On Mon, Oct 28, 2013 at 10:49 AM, Oscar Benjamin <oscar.j.benjamin@gmail.com> wrote:
On 28 October 2013 13:57, Brett Cannon <brett@python.org> wrote:
>
> On Sun, Oct 27, 2013 at 7:20 PM, Antoine Pitrou <solipsis@pitrou.net> wrote:
>>
>> On Sun, 27 Oct 2013 16:56:34 -0500
>> Tim Peters <tim.peters@gmail.com> wrote:
>> > [Guido]
>> > > I wouldn't take out negative strides completely, but I might consider
>> > > deprecating lower and upper bounds other than None (== missing). So
>> > > a[::-1]
>> > > would still work, and a[None:None:-1] would be a verbose way of
>> > > spelling the
>> > > same,
>> >
>> > Happy idea.
>> >
>> > > but a[-1:-6:-1] would be deprecated.
>> >
>> > Not sure I've _ever_ seen that in real life.
>>
>> If it's never seen in real life, then there's probably no urge to
>> deprecate it and later replace it with a new thing, IMHO.
>
> I think there is to minimize even the chance someone has done something like
> this since it's so wonky. We all know someone has somewhere in code out in
> the world.

Are you saying that any code that depends on the current behaviour is
"wonky" and therefore doesn't properly deserve continued support?

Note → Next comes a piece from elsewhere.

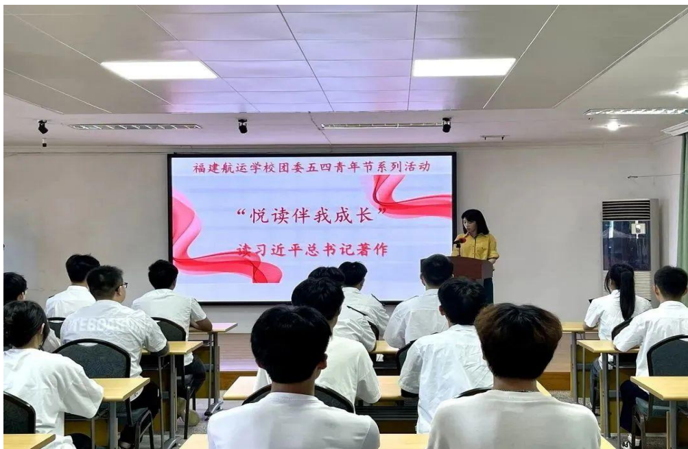
图 2：校团委组织开展“悦读伴我成长”——读习近平总书记著作活动

I'm saying the current semantics of how the strides work are wonky and we should fix it so valid code has to jump through less hoops to get the semantics they would expect/want.
 

I know I have private (numpy-based) code that depends on this
behaviour. There's nothing wonky about me choosing the limits that I
currently need to in order to get the correct slice.

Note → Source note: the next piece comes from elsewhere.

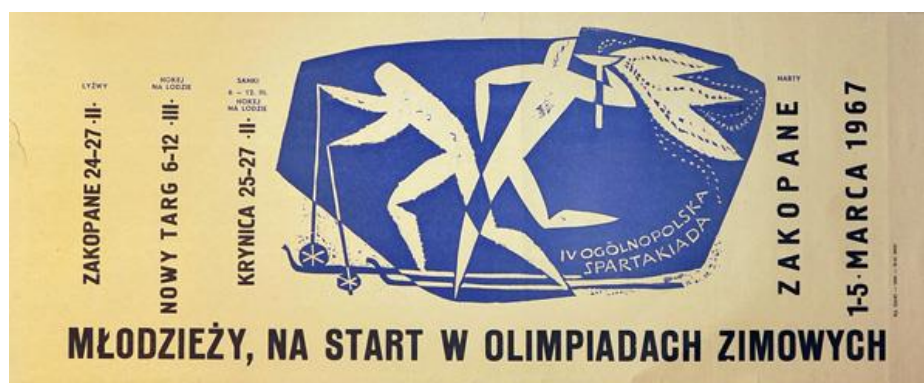
Plakat zapowiadający IV Ogólnopolską Spartakiadę w 1967 r.

Spotkała nas tam niestety bardzo nieprzyjemna niespodzianka. Temperatura spadła poniżej minus 35°C, a my mieliśmy tkane kombinezony, przepuszczające powietrze. Już przed startem na 500 m, kiedy przygotowania przeciągnęły się o kilka minut, w momencie strzału startera byłem jednym soptem lodu. Zawodnicy innych ekip albo mieli ubiory uszyte z innego materiału, albo ratowali się, wkładając pod kombinezon kilka warstw gazet! Nie zdaliśmy więc przedolimpijskiego egzaminu i o starcie w Igrzyskach w Grenoble w 1968 r. nie było mowy.

Sure, all I'm saying is that you probably had to mentally work through more to get the right semantics you wanted compared to if this was changed the way Guido and Tim are suggesting.
 

I think that the numpy mailing lists should be consulted before any
decisions are made. As Antoine says: if you've never noticed this
behaviour before then it obviously doesn't matter to you that much so
why the rush to deprecate it?

I'm not saying not to talk to them, but I also don't think we should necessarily not change it because no one uses it either. If it's wide spread then sure, we just live with it. It's always a balancing act of fixing for future code vs. pain of current code. I'm just saying we shouldn't dismiss changing this out of hand because you are so far the only person who has relied on this.

As for the rush, it's because 3.4b1 is approaching and if this slips to 3.5 that's 1.5 years of deprecation time lost for something that doesn't have a syntactic break to help you discover the change in semantics.
 

> +1 on doing a deprecation in 3.4.

-1 on any deprecation without a clear plan for a better syntax. Simply
changing the semantics of the current syntax would bring in who knows
how many off-by-one errors for virtually no benefit.

The deprecation would be in there from now until Python 4 so it wouldn't be sudden (remember that we are on a roughly 18 month release cycle, so if this went into 3.4 that's 7.5 years until this changes in Python 4). And there's already a future-compatible way to change your code to get the same results in the end that just require more explicit steps/code.